Given data —
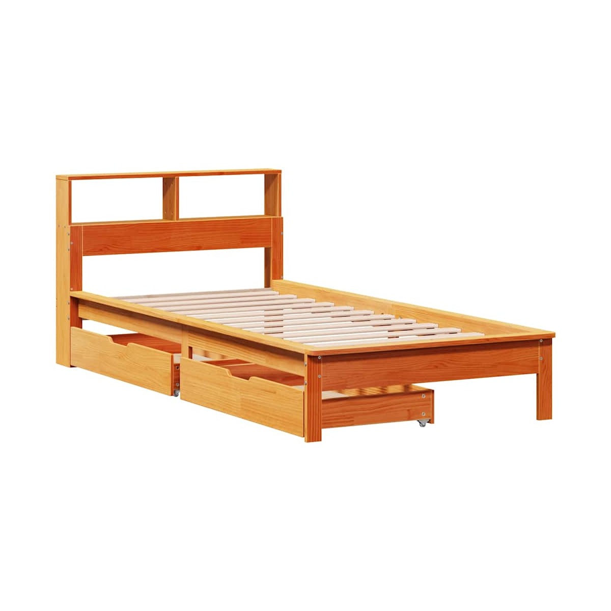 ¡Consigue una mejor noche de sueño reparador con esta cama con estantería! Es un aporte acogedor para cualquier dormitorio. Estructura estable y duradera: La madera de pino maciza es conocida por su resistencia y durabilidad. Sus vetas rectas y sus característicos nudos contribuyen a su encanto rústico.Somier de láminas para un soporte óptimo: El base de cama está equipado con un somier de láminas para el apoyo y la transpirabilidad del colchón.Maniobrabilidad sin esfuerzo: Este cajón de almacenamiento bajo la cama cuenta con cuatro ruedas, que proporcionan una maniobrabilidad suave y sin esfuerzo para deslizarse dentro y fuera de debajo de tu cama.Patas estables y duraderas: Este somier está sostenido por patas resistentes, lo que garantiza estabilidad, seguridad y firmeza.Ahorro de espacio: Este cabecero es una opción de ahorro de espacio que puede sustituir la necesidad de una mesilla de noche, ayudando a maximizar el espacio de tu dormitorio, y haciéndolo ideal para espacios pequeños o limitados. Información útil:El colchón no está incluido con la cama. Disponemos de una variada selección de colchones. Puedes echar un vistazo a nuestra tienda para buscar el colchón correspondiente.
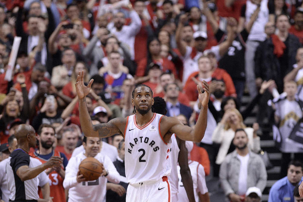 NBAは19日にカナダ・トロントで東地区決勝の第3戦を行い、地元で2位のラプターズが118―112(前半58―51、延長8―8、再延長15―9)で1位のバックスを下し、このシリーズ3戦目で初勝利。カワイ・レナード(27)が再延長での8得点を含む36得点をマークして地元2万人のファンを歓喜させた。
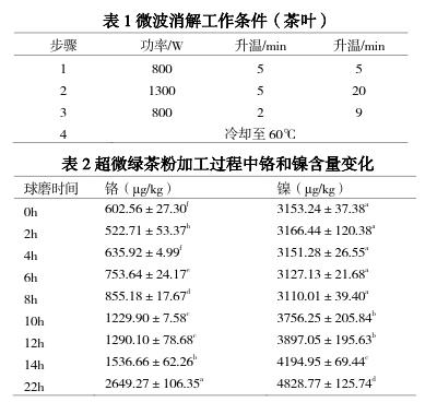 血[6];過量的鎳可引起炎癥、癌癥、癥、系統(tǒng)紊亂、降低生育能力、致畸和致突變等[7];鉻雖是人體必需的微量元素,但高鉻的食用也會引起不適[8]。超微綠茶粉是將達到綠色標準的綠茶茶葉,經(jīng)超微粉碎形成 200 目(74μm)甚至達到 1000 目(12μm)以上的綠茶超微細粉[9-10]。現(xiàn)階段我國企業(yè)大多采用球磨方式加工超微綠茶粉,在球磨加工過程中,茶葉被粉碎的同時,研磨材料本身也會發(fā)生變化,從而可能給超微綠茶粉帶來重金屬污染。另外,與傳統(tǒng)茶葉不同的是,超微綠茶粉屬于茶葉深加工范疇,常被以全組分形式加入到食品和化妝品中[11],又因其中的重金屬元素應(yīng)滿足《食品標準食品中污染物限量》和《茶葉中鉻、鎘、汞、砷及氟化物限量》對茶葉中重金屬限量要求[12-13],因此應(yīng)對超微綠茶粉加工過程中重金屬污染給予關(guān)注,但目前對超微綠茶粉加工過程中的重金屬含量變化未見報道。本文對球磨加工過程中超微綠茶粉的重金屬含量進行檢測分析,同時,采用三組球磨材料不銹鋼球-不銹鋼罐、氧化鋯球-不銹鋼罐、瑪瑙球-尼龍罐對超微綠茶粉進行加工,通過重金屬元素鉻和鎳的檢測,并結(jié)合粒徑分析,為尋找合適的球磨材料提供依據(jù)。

Activity — A verbatim transcription of the listing is expected, with no pictures included.

Answer to this problem —
 ¡Consigue una mejor noche de sueño reparador con esta cama con estantería! Es un aporte acogedor para cualquier dormitorio. Estructura estable y duradera: La madera de pino maciza es conocida por su resistencia y durabilidad. Sus vetas rectas y sus característicos nudos contribuyen a su encanto rústico.Somier de láminas para un soporte óptimo: El base de cama está equipado con un somier de láminas para el apoyo y la transpirabilidad del colchón.Maniobrabilidad sin esfuerzo: Este cajón de almacenamiento bajo la cama cuenta con cuatro ruedas, que proporcionan una maniobrabilidad suave y sin esfuerzo para deslizarse dentro y fuera de debajo de tu cama.Patas estables y duraderas: Este somier está sostenido por patas resistentes, lo que garantiza estabilidad, seguridad y firmeza.Ahorro de espacio: Este cabecero es una opción de ahorro de espacio que puede sustituir la necesidad de una mesilla de noche, ayudando a maximizar el espacio de tu dormitorio, y haciéndolo ideal para espacios pequeños o limitados. Información útil:El colchón no está incluido con la cama. Disponemos de una variada selección de colchones. Puedes echar un vistazo a nuestra tienda para buscar el colchón correspondiente.
 NBAは19日にカナダ・トロントで東地区決勝の第3戦を行い、地元で2位のラプターズが118―112(前半58―51、延長8―8、再延長15―9)で1位のバックスを下し、このシリーズ3戦目で初勝利。カワイ・レナード(27)が再延長での8得点を含む36得点をマークして地元2万人のファンを歓喜させた。
 血[6];過量的鎳可引起炎癥、癌癥、癥、系統(tǒng)紊亂、降低生育能力、致畸和致突變等[7];鉻雖是人體必需的微量元素,但高鉻的食用也會引起不適[8]。超微綠茶粉是將達到綠色標準的綠茶茶葉,經(jīng)超微粉碎形成 200 目(74μm)甚至達到 1000 目(12μm)以上的綠茶超微細粉[9-10]。現(xiàn)階段我國企業(yè)大多采用球磨方式加工超微綠茶粉,在球磨加工過程中,茶葉被粉碎的同時,研磨材料本身也會發(fā)生變化,從而可能給超微綠茶粉帶來重金屬污染。另外,與傳統(tǒng)茶葉不同的是,超微綠茶粉屬于茶葉深加工范疇,常被以全組分形式加入到食品和化妝品中[11],又因其中的重金屬元素應(yīng)滿足《食品標準食品中污染物限量》和《茶葉中鉻、鎘、汞、砷及氟化物限量》對茶葉中重金屬限量要求[12-13],因此應(yīng)對超微綠茶粉加工過程中重金屬污染給予關(guān)注,但目前對超微綠茶粉加工過程中的重金屬含量變化未見報道。本文對球磨加工過程中超微綠茶粉的重金屬含量進行檢測分析,同時,采用三組球磨材料不銹鋼球-不銹鋼罐、氧化鋯球-不銹鋼罐、瑪瑙球-尼龍罐對超微綠茶粉進行加工,通過重金屬元素鉻和鎳的檢測,并結(jié)合粒徑分析,為尋找合適的球磨材料提供依據(jù)。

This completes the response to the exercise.